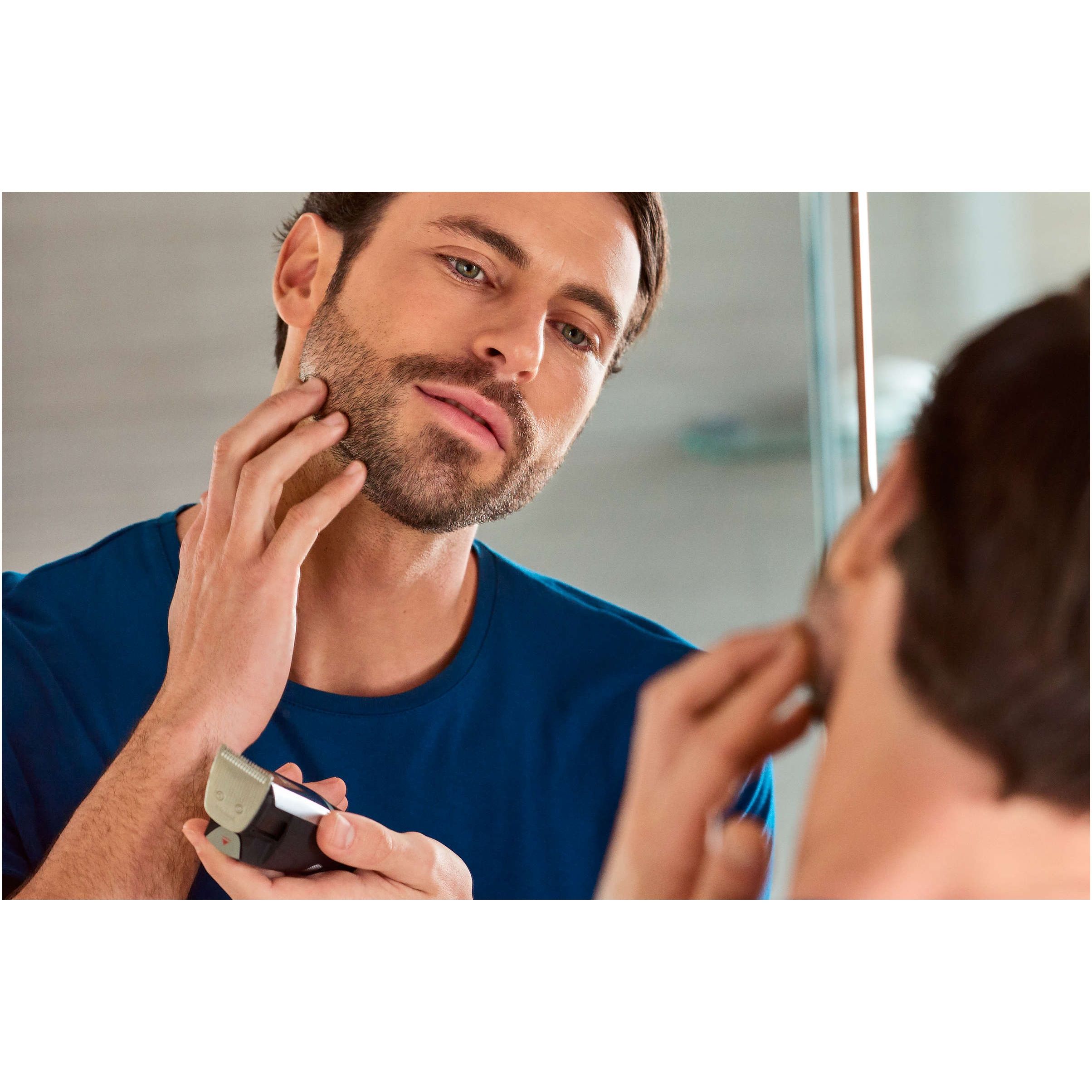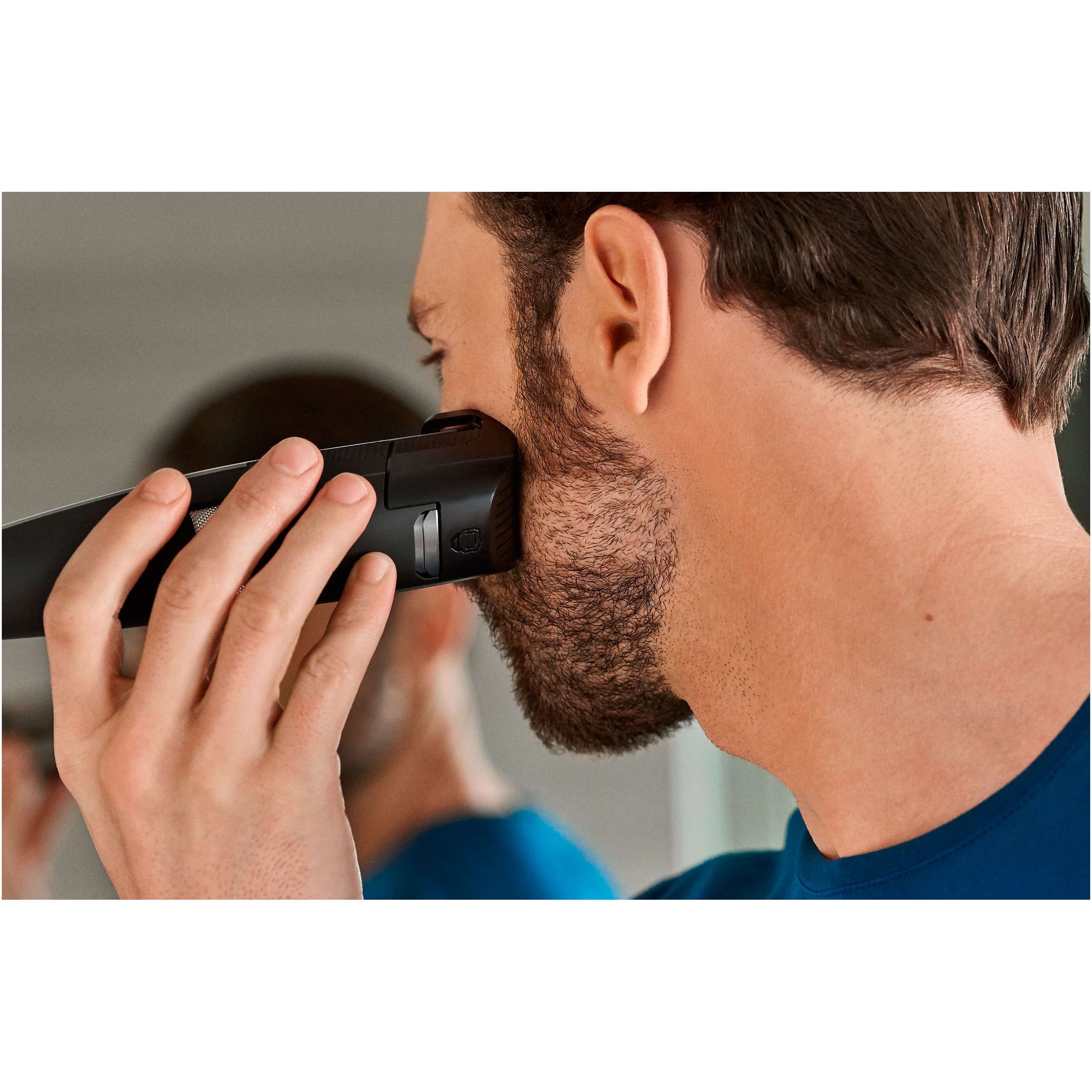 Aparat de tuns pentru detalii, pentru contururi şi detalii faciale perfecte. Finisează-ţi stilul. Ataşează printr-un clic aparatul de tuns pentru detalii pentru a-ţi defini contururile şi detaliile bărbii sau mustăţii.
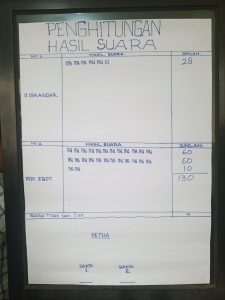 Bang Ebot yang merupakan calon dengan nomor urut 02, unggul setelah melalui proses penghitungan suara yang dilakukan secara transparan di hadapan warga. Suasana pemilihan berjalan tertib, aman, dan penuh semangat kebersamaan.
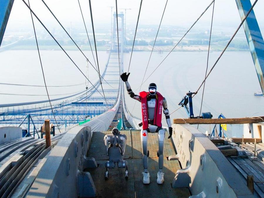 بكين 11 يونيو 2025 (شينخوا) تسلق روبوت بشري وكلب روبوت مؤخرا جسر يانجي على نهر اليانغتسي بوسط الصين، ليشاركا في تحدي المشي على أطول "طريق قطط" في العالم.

WHAT IS BEING ASKED | The listing should be transcribed exactly. No picture is to appear in the transcription.

SOLUTION FOR THIS EXERCISE |
 Aparat de tuns pentru detalii, pentru contururi şi detalii faciale perfecte. Finisează-ţi stilul. Ataşează printr-un clic aparatul de tuns pentru detalii pentru a-ţi defini contururile şi detaliile bărbii sau mustăţii.
 Bang Ebot yang merupakan calon dengan nomor urut 02, unggul setelah melalui proses penghitungan suara yang dilakukan secara transparan di hadapan warga. Suasana pemilihan berjalan tertib, aman, dan penuh semangat kebersamaan.
 بكين 11 يونيو 2025 (شينخوا) تسلق روبوت بشري وكلب روبوت مؤخرا جسر يانجي على نهر اليانغتسي بوسط الصين، ليشاركا في تحدي المشي على أطول "طريق قطط" في العالم.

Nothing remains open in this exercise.